Below, find the line containing "Богатая отделка фасада" and the line containing "ص: وكان من الحجة"; reproduce exactly those two and every line between them, omitting pictures.

Start of Information shown

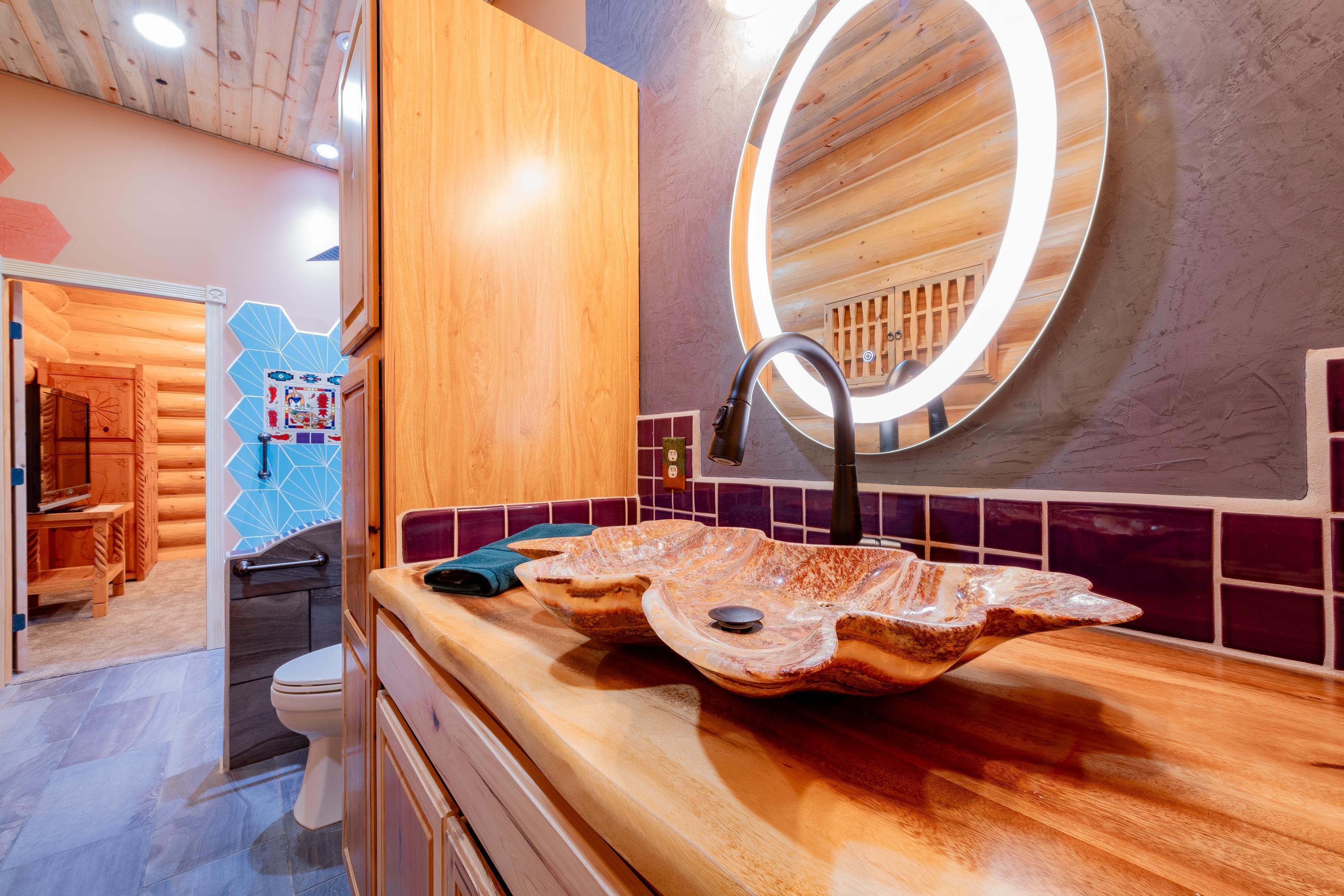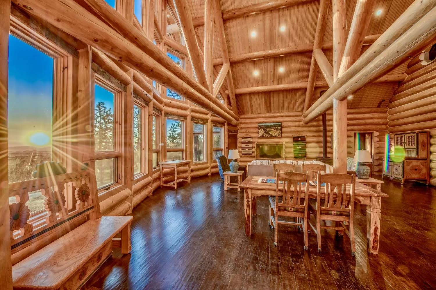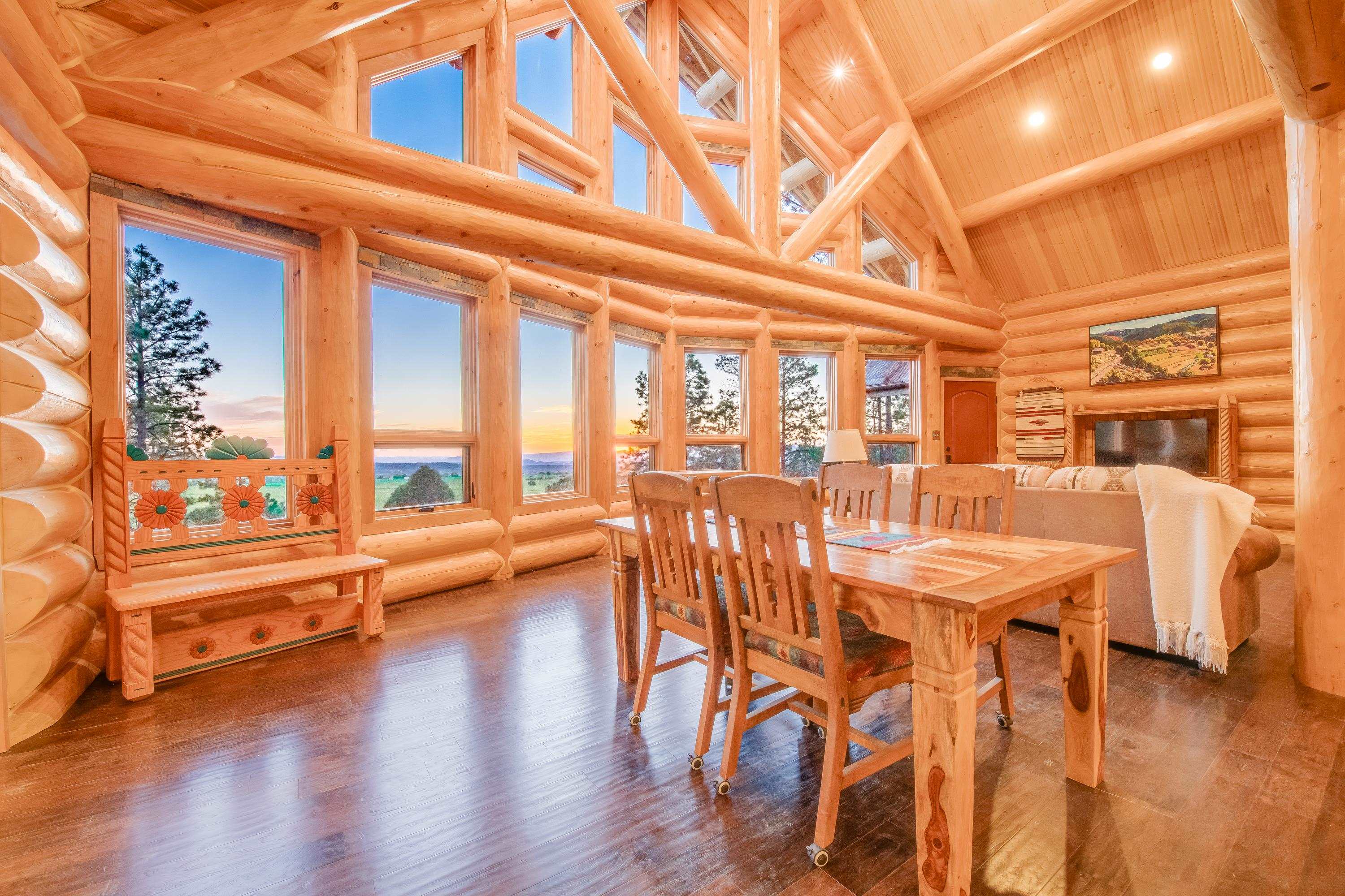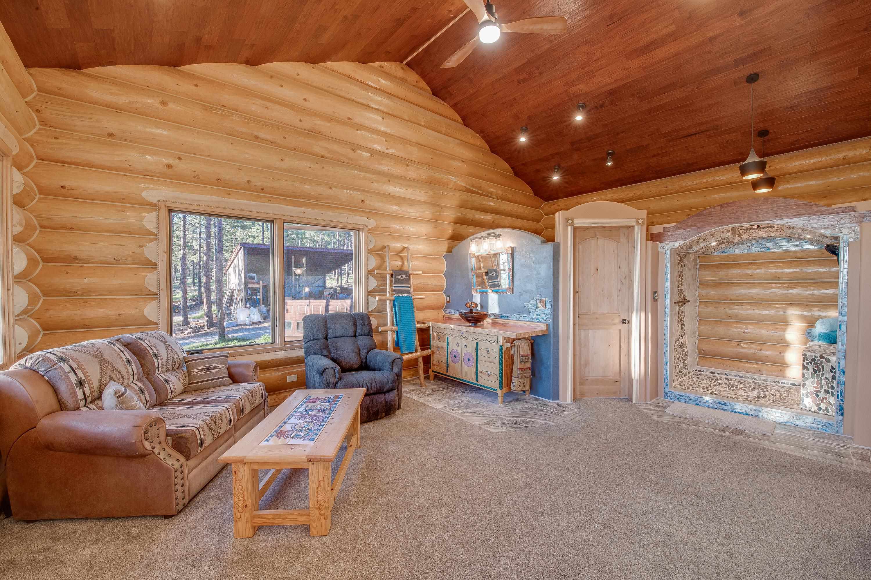 Nestled in a grove of ponderosa pine and embraced by the fresh mountain air of the Sangre de Cristo Mountain range, this property offers more than a view… It offers a way of life. Following the natural movement of the hillsides, the private road leads you on a welcoming path to a unique home, resting perfectly in-tune with its environment. Unbothered by population density, this home is located on the southern end of the Rocky Mountains, just 30 miles south of historic Taos, New Mexico. At 8,500 ft, this 285+- acre landscape lends airspace to a stunning view of the 13,000 feet Jicarita Peak (a mountain held sacred by the local Picuris Pueblo people) and neighbors the Carson National Forest and Pecos Wilderness. It stands ideally situated amongst a bountiful, restored ponderosa pine forest (an officially Registered American Tree Farm) and produces a synergistic ecosystem and wildlife habitat for local flowers, grasses, shrubs, elk, turkey, hawk and deer! Venture farther and you will discover a canyon with flourishing Aspen and Fir trees and two natural earth-fed springs. Numerous ponds (9) created specifically to provide water to wildlife and for erosion control sit on the property. This spacious ranch provides twenty +- acres of flood irrigated pasture from two well-maintained acequias and 14+- acres of dry pasture. They yield an abundance of hay for horses or space for other crops. Clearing and maintaining the registered American Tree Farm have been a source of income in the past and can continue to do so. The ranch is registered with New Mexico Fish and Game for landowner elk tags in Unit 45 and is located within 60 to 70 miles of five ski resorts, namely Sipapu (14 miles), Taos Ski Valley, Angel Fire, Red River and Ski Santa Fe, supplying an outstanding selection of diverse activities for people of all ages and abilities. This log cabin lodge is brand new! Having been recently completed, it boasts a 27-foot cathedral ceiling, three bedrooms, two bathrooms, hot tub, wood burning stove, and a four-car garage/workshop with a 350 square foot bonus room upstairs, within its approximate 4,000+- square feet, with an additional 1,200 square feet of flawless decks - perfect for small intimate dinners or larger sophisticated gatherings. The 12-inch logs and floor plans that foundationally support this home were purchased from Montana Custom Log Homes Inc, the acclaimed creators and designers of custom-built, versatile, and handcrafted homes for generations. The distinctive prow of this floor plan allows for a view of hundreds of square miles of northern New Mexico valleys and mountains out of the 25 west facing windows. Sunsets are glorious! With a roof, specially treated to give an ancient or aged feel, this expansive home packs in the details! Including a rich hand carved door into the pantry, a copper lined kitchen sink and copper hood over range, live edge countertops, specialty tiled bathrooms, distinctive glass and onyx basins on bathroom vanities and specialty wood ceilings. Hand crafted southwestern style furnishings (may be negotiated with sale of property). Underground utilities, highspeed fiberoptic internet cable, gravel driveway, cisterns for water catchment, seeded lawns, 25 x 25 carport and so much more. Property excellent for that unique family get a way, secondary or primary home compound, or corporate retreat, the use is endless. A truly special and unique property awaits you! Don’t miss out! Schedule your viewing today.
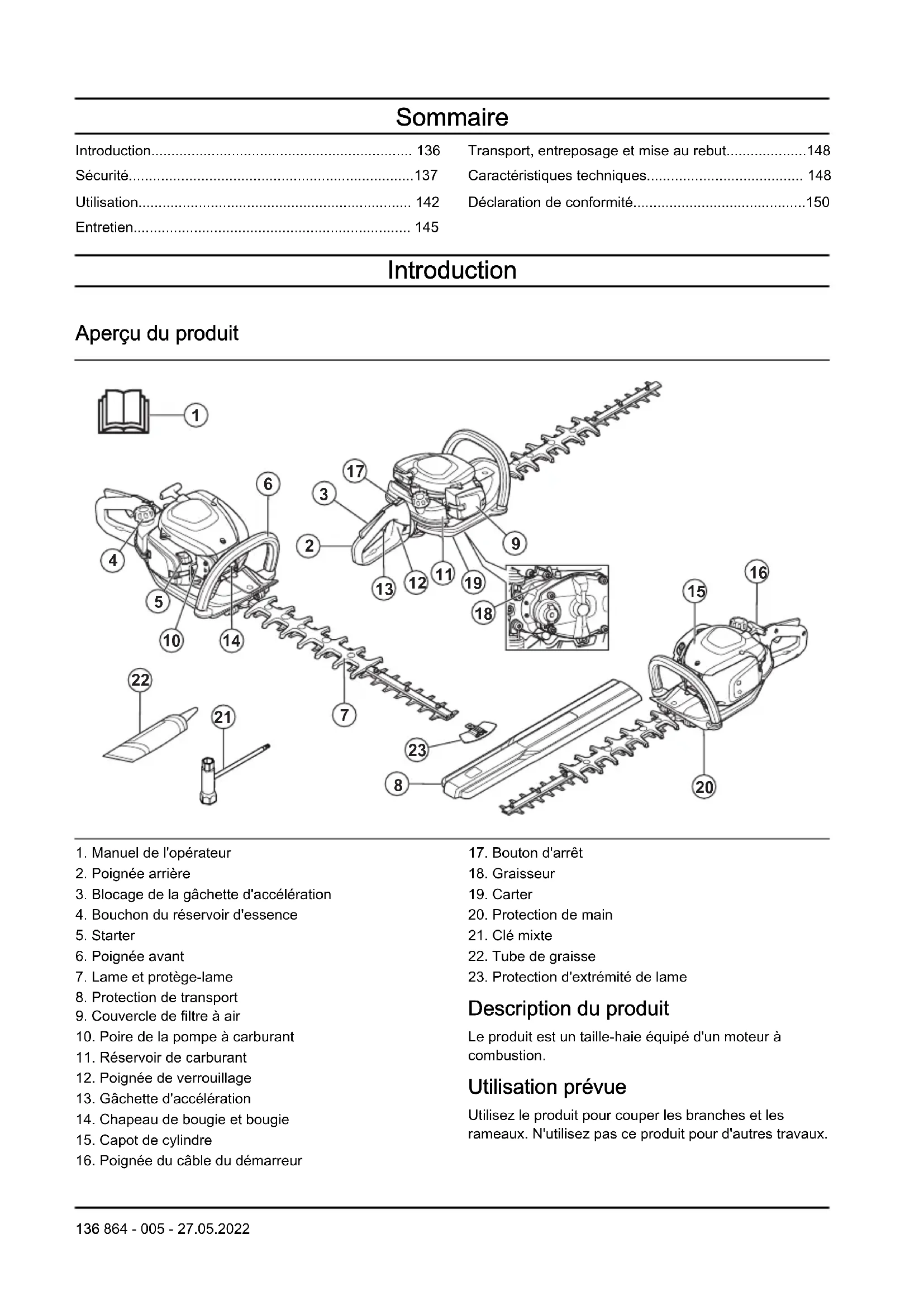 Description du produit Le produit est un taille-haie équipé d'un moteur à combustion. Utilisation prévue Utilisez le produit pour couper les branches et les rameaux. N'utilisez pas ce produit pour d'autres travaux. 136 864 - 005 - 27.05.2022Symboles concernant le produit Arrêtez la machine. Soyez prudent et utilisez le produit correctement. Ce produit peut causer des blessures graves, voire mortelles, à l'opérateur ou à d'autres personnes. Lisez attentivement le manuel d'utilisation et assurez-vous de bien comprendre les instructions avant utilisation. Utilisez des protège-oreilles et des protections pour les yeux homologués. Utilisez des gants de protection homologués. Utilisez des bottes antidérapantes robustes. Vis de réglage du ralenti. Pointeau de vitesse élevée. Pointeau de vitesse lente. Émissions sonores dans l'environnement selon la directive européenne 2000/14/CE et la législation de la Nouvelle-Galles du Sud « Protection of the Environment Operations (Noise Control) Regulation 2017 ». Les données relatives aux émissions sonores figurent sur l'étiquette de la machine et dans le chapitre Caractéristiques techniques. Le produit est conforme aux directives CE en vigueur. Ce produit est conforme aux directives applicables en vigueur au Royaume-Uni. yyyywwxxxx La plaque signalétique indique le nu- méro de série. aaaa désigne l'année de production et ww désigne la se- maine de production. Remarque: les autres symboles/autocollants présents sur le produit concernent des exigences de certification spécifiques à certains marchés. Émissions Euro V
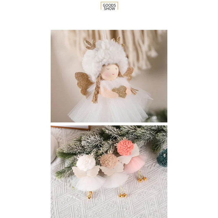 Bring a delicate sparkle to your holiday decor with this Gold and White Angel Ornament. Featuring soft golden wings, a fluffy headpiece, and gold bells as feet, this angel adds a touch of whimsical elegance to your Christmas tree. The angel holds a glittery snowflake, symbolizing the joy of the winter season. Perfect for hanging on trees, wreaths, or around the house for a magical festive atmosphere.
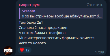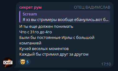я ток с двачей узнаю, что у топ стримеров есть каналы в которых они срут сообщениями не соответствующими их статусу. То овла заплакала из за того что кек шиперился с тендерли, щас скрины с жидом сюда залетают, генсуха вечно в штаны наваливает, а потом удаляет. Короче выглядит все так будто им по 14-18, сплошные инфантилы
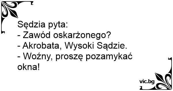 Related Deaths Στον παράδεισο Двама умрели се срещнали в рая и единият попитал: Στον παράδεισο.. Un tizio muore e va in Paradiso. Aux portes du paradis, un nouvel arrivant commence son récit: Drei Männer stehen bei Petrus an der Himmelspforte. Der fragt sie, woran sie gestorben seien. Der Erste schildert: Duas mortas conversam: — Morri congelada. — Ai que horror! — Deve ter sido horrível! — Como é morrer congelada? — Bom, no começo é muito ruim: primeiro são os arrepios, depois as dores nos dedos das mãos e dos pés, tudo congelando... Mas, depois veio um sono muito forte e eu perdi a consciência.... Estaban dos hombres en el cielo y uno le pregunta al otro: - ¿Y vos de qué moriste? - Congelado, ¿Y tú? - De la risa. - ¿Cómo que de la risa? - Sí, es que yo pensaba que mi esposa me estaba... W drodze do nieba spotykają się dusze dwóch facetów i zaczynają rozmowę: - Ja zmarłem przez zimno. No wiesz niska temperatura, organizm nie wytrzymał. - Ja zmarłem ze zdziwienia. - Jak to ze... Съдията: - Професия? - Акробат господине - Разсилни, затворете прозорците Twee domme blondjes komen elkaar tegen in de hemel. Hoe ben jij gestorven? vraagt de ene Ik ben doodgevroren. Amai, dat is verschrikkelijk. Hoe voelt dat aan, doodvriezen? Eerst heb je geen gevoel... Sędzia pyta oskarżonego: - Pański zawód? - Akrobata. Sędzia szepcze coś do siedzącego obok drugiego sędziego i po chwili woła: - Woźny! Proszę pozamykać wszystkie okna! Død af kulde To mænd mødes i himlen, og den ene siger: - Jeg døde af kulde, hvad døde du af? - Lettelse. - Hvordan det? - Jo, jeg havde mistanke om at min kone havde en elsker så jeg tog tidligt... Noris tiesas process. Tiesnesis apsūdzētajam jautā: - Kāda ir jūsu profesija? - Akrobāts. - Apsardze,lūdzu,aizveriet logu!
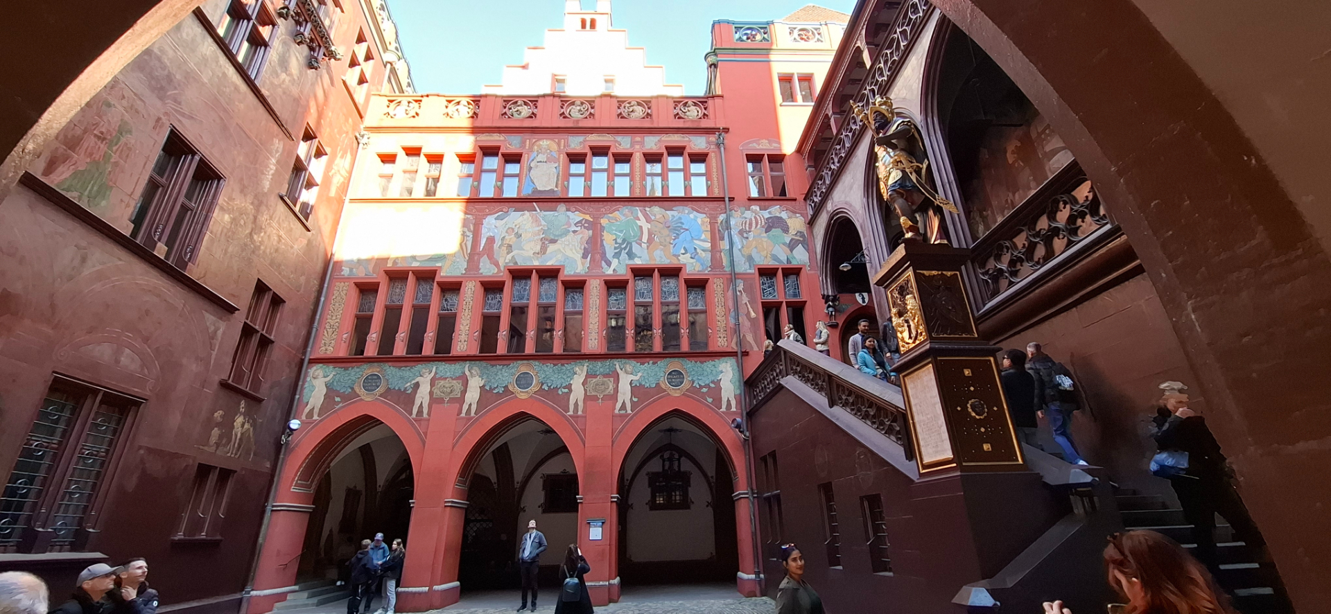 Богатая отделка фасада с эркерами, цветная узорная черепица на крыше, позолоченные башенки – просто сказочный домик для чиновников построили. На фасаде копии древних скульптур, повторенные в 1901 году. Первоначальные были изготовлены в начале 16 века. Одна из скульптур - император Римской Империи Генрих Первый, рядом - его супруга Кунигунда. Женщина была выдающаяся, настолько умна в делах государства, что император не развелся с ней, несмотря на отсутствие детей. И настолько благочестивая, что когда ее обвинили в супружеской неверности, смогла доказать свою невиновность, пройдя по горячим углям босиком. Сейчас в ратуше расположены органы законодательной и исполнительной власти кантона Базель-Штадт, а также мэрия города. Вход во внутренний дворик свободный.
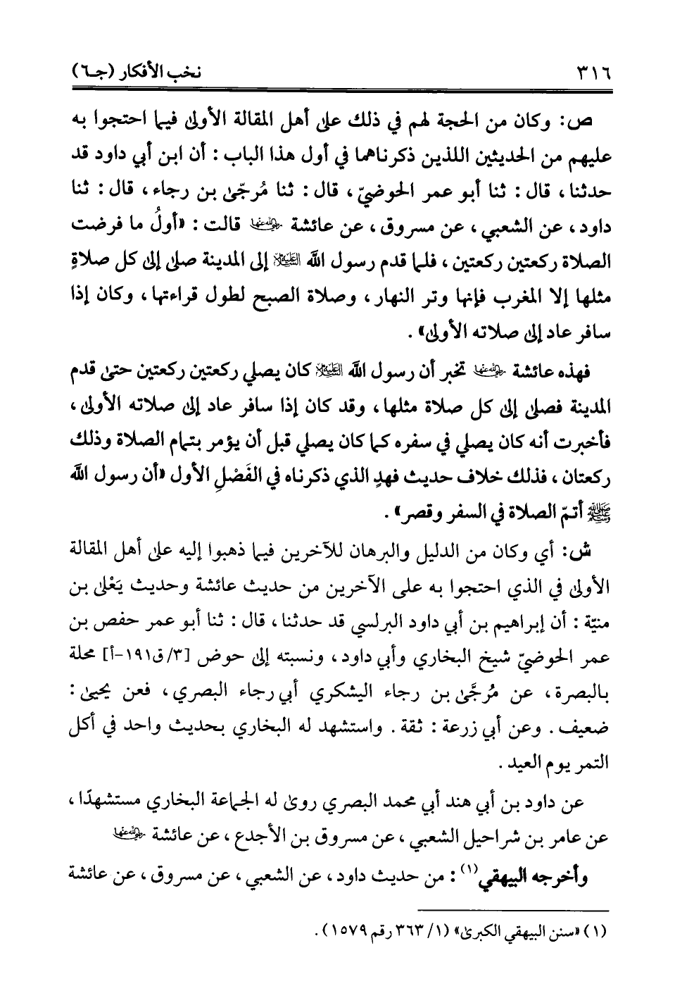 ص: وكان من الحجة لهم في ذلك على أهل المقالة الأولى فيما احتجوا به عليهم من الحديثين اللذين ذكرناهما في أول هذا الباب: أن ابن أبي داود قد حدثنا، قال: ثنا أبو عمر الحوضيّ، قال: ثنا مُرجّى بن رجاء، قال: ثنا داود، عن الشعبي، عن مسروق، عن عائشة - رضي الله عنه - قالت: "أولُ ما فرضت الصلاة ركعتين ركعتين، فلما قدم رسول الله - عليه السلام - إلى المدينة صلى إلى كل صلاةٍ مثلها إلا المغرب فإنها وتر النهار، وصلاة الصبح لطول قراءتها، وكان إذا سافر عاد إلى صلاته الأولى".
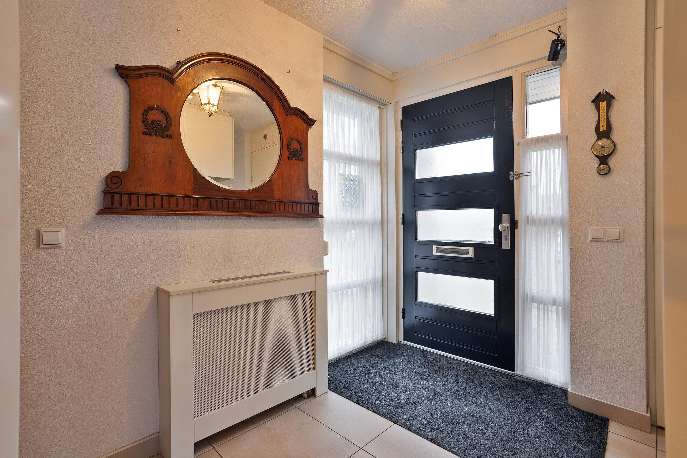 Vanuit de overdekte hal/entree met meterkast is er toegang tot de ruime woonkamer met open keuken en de trapopgang naar de eerste verdieping. De keuken, in L-vorm, is aan de voorzijde van de woning gelegen en is v.v. diverse kasten en lades, een kunststof werkblad met spoelbak en kraan, een 4-pits gaskookplaat, afzuigkap, koelkast (2022) en vaatwasser (2024). In de woonkamer is een trapkast aanwezig wat zorgt voor extra bergruimte. Door de grote raampartijen is er veel lichtinval in de woonkamer. De woonkamer biedt toegang tot de serre/achtertuin. Vanuit de woonkamer is ook een lange gang bereikbaar van waaruit er toegang is tot twee slaapkamers (beide v.v. een kastenwand), het separaat toilet, de badkamer, een berging met wasmachineaansluiting en een bergkast. Vanuit deze gang is ook de aangebouwde garage bereikbaar. Het separaat toilet is deels betegeld en v.v. een hangend toilet met fonteintje. De badkamer is geheel betegeld en v.v. een hangend toilet, ligbad, wastafel en een douche. De vloer van de gehele begane grond is v.v. tegels met grotendeels vloerverwarming (m.u.v. de slaapkamers). De wanden zijn afgewerkt met stucwerk. De plafonds zijn v.v. spuitwerk. De kozijnen zijn van hout met dubbel glas en grotendeels v.v. rolluiken.

End of Information shown

— Solution for this problem —
 Богатая отделка фасада с эркерами, цветная узорная черепица на крыше, позолоченные башенки – просто сказочный домик для чиновников построили. На фасаде копии древних скульптур, повторенные в 1901 году. Первоначальные были изготовлены в начале 16 века. Одна из скульптур - император Римской Империи Генрих Первый, рядом - его супруга Кунигунда. Женщина была выдающаяся, настолько умна в делах государства, что император не развелся с ней, несмотря на отсутствие детей. И настолько благочестивая, что когда ее обвинили в супружеской неверности, смогла доказать свою невиновность, пройдя по горячим углям босиком. Сейчас в ратуше расположены органы законодательной и исполнительной власти кантона Базель-Штадт, а также мэрия города. Вход во внутренний дворик свободный.
 ص: وكان من الحجة لهم في ذلك على أهل المقالة الأولى فيما احتجوا به عليهم من الحديثين اللذين ذكرناهما في أول هذا الباب: أن ابن أبي داود قد حدثنا، قال: ثنا أبو عمر الحوضيّ، قال: ثنا مُرجّى بن رجاء، قال: ثنا داود، عن الشعبي، عن مسروق، عن عائشة - رضي الله عنه - قالت: "أولُ ما فرضت الصلاة ركعتين ركعتين، فلما قدم رسول الله - عليه السلام - إلى المدينة صلى إلى كل صلاةٍ مثلها إلا المغرب فإنها وتر النهار، وصلاة الصبح لطول قراءتها، وكان إذا سافر عاد إلى صلاته الأولى".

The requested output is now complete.